Uno de los candidatos más aburridos de esta campaña es sin duda Eduardo Frei. Aunque Sebastián Piñera no se queda atrás, con sus intentos por parecer espontáneo, el decé se ha ganado varios comentarios por su enfermiza fomedad.
Eso, sumado a lo agresivo e intolerante que suele ser ante algunos puntos de vista y preguntas de periodistas –que a veces son verdaderamente unas estupideces- le está jugando bastante en contra en la campaña. Ya hay encuestas como la de La Tercera que lo muestran bajo Marco Enríquez-Ominami, en un empate técnico.
En esas circunstancias, si el candidato amarillo quiere subir aunque sea para mantener la dignidad y el orgullo dentro de su partido y conglomerado, debe cambiar la forma de hacer las cosas y de mostrarse ante la prensa. Ya se sacó la corbata, pero ese es tan sólo el primer paso.
Lo que sigue, es ser más espontáneo, o más creativo en las tallas que tira. Esto lo ayudará a repuntar sobre todo en el público más sentimental, el que no se preocupa de ver el programa de gobierno sino el cómo actúa y se plantea frente a situaciones. Claramente, esto no significa dejar de lado lo otro.
Además, las frases creativas suelen ser las mejores, muchas de ellas quedan dando vuelta en la prensa por varios días, y algunas incluso pasan a la historia. Antes era más común, pero hoy parece ser que los candidatos están muy programados y pauteados para decir todo, no hay improvisación, tratan de pasar desapercibidos, incluso de parecerse lo más posible al presidenciable de al lado, quizás por el miedo a ir más allá y mandarse un cagazo.
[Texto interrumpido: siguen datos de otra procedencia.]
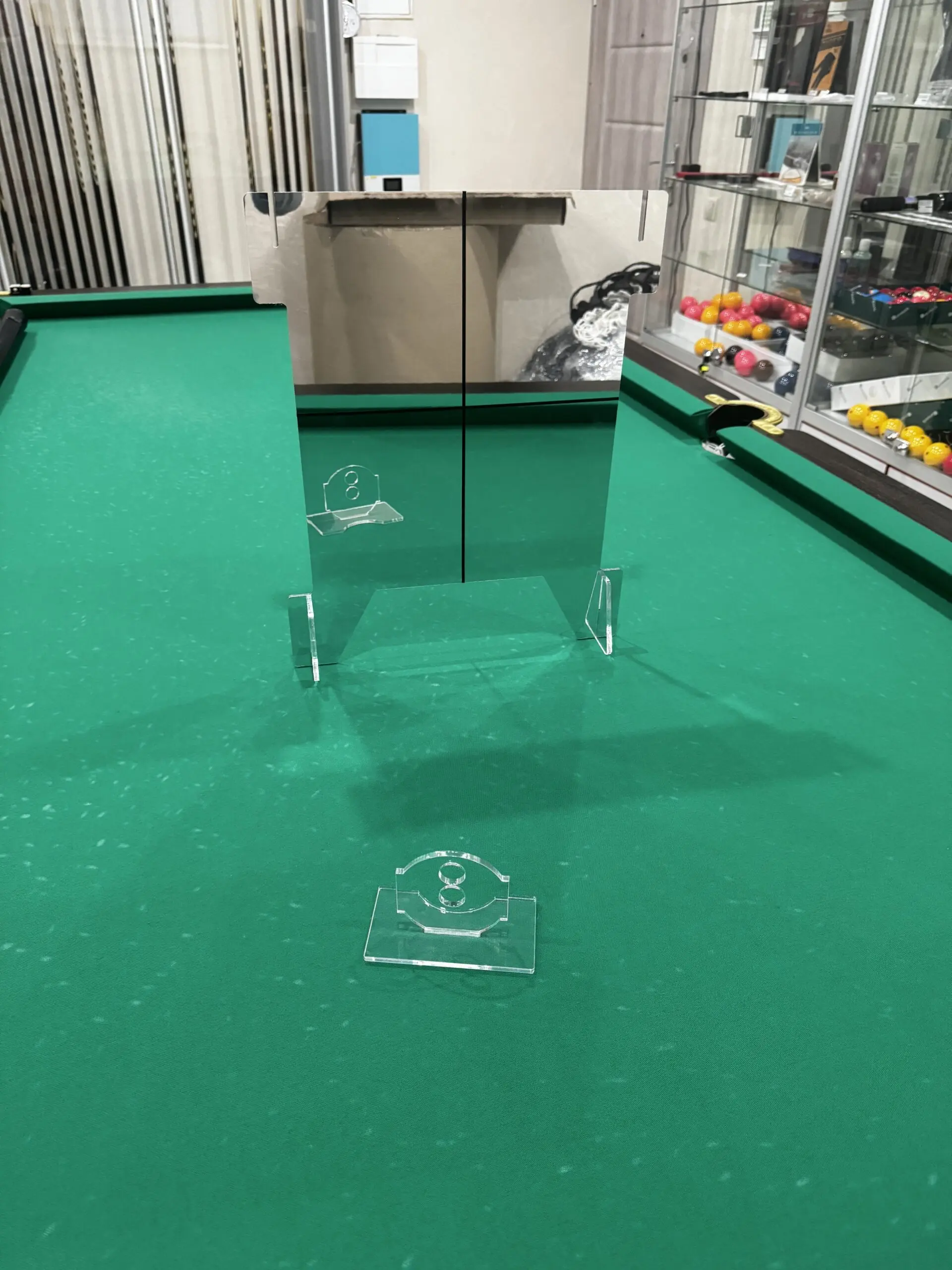 На зеркальной поверхности имеется горизонтальная линия для правильного расположения головы по линии глаз. И вертикальная линия, по ней совмещаются кий, подбородок и локоть (так называемый “плавник”).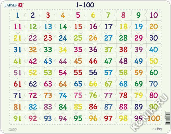 Пазлы Ларсен - это прежде всего обучающие пазлы. 1-100 Пазл относится к серии Математика и в игровой форме знакомит детей от 4 лет с последовательностью чисел в промежутке от 1 до 100. Детям необходим... Показать описаниео в правильном порядке расставить все числа внутри пазла. Многообразие форм вырубки и различные размеры отдельных элементов способствуют развитию мелкой моторики у малышей. Сделанные из высококачественного трехслойного картона, они не деформируются и легко берутся в руки. Все пазлы снабжены специальной подложкой, благодаря чему их удобно собирать. В наборе: 100 элементов пазла. Размер собранного поля - 36,5 х 28,5 см.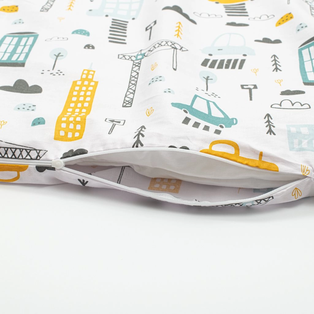 Scopri il comfort e la sicurezza offerti al tuo bimbo dal set biancheria da letto 3 pezzi per lettino NEW BABY con motivo città nel popolare tono senape. Il set è realizzato in cotone 100%, piacevole al tatto, traspirante e delicato sulla pelle sensibile dei bambini. La pratica realizzazione con cerniere sicure senza cursori pendenti e il morbido paracolpi per la protezione nel lettino rendono questo set una scelta ottimale per l’uso quotidiano.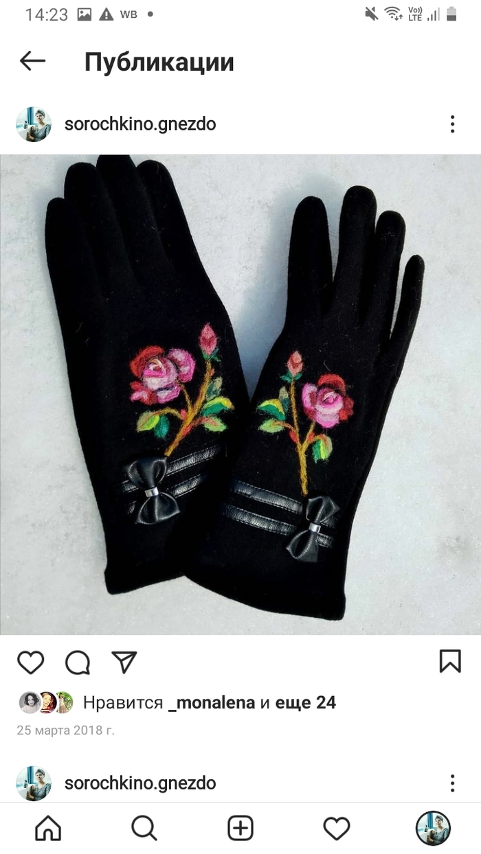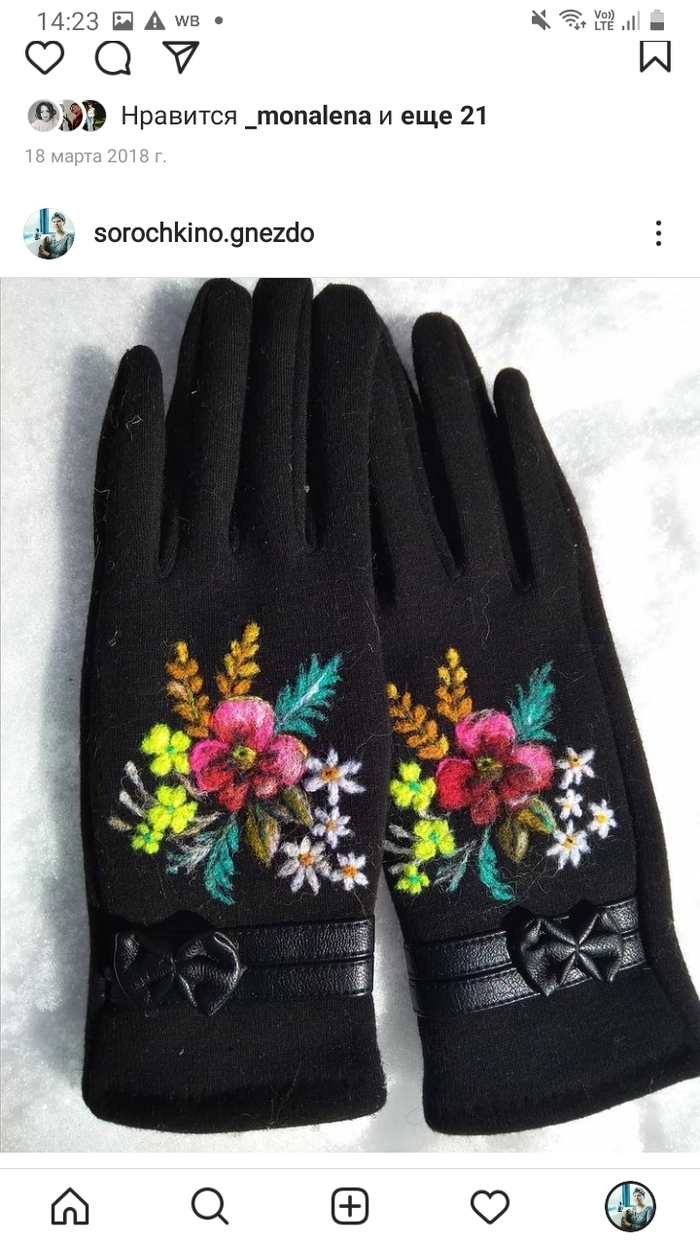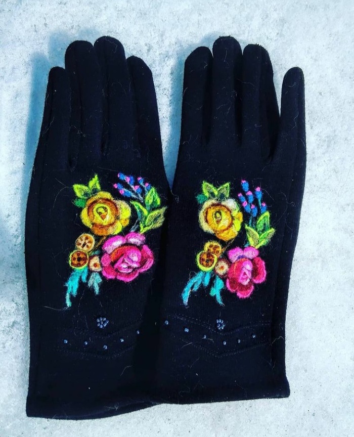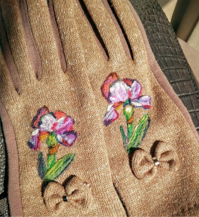 37 Sorokinognezdo Рукодельники Перчатки с рисунками из шерсти."Цветы" 4 года назад Покажу еще одну из излюбленных тематик в шерстяном рисунке.В качестве основы беру дамские шерстяные,или трикотажные перчатки. Рисунок наношу в технике сухого валяния. Показать полностью 5 [моё] Печатки Своими руками Цветы Длиннопост Рукоделие без процесса Ещё 0

Ejemplo de lo pauteado que están los candidatos es el Piñerizer, un generador de discursos que apareció hace algunas semanas. En esta ocasión, la broma le tocó a Sebastián Piñera, pero bien podría haber sido Frei o algún otro candidato.
Y ustedes dirán, pero si da lo mismo como lo que diga el candidato, lo importante es que haga cosas. Bueno, creo que si no es capaz de decir algo novedoso, mucho menos podrá hacer algo novedoso. Por lo demás, ese binomio del decir/hacer es un arma de doble filo: si el candidato no dice nada distinto a lo que dicen los demás, ¿cómo votaremos? Los únicos que han demostrado ser un poco mejores en este ámbito son MEO y Arrate, pero uno habla muy rápido y no se entiende y al otro la prensa no lo pesca.
Así que, mejor que vayan moviendo las lenguas y sacando buenas frases. Que no le tengan miedo a la pelea, a las confrontaciones, a las escaramuzas, como dicen hoy en día, y demuestren porqué quieren llegar a La Moneda. Sean más mediáticos, que eso también sirve. De lo contrario, pasará a ser la campaña más fome en la historia de Chile.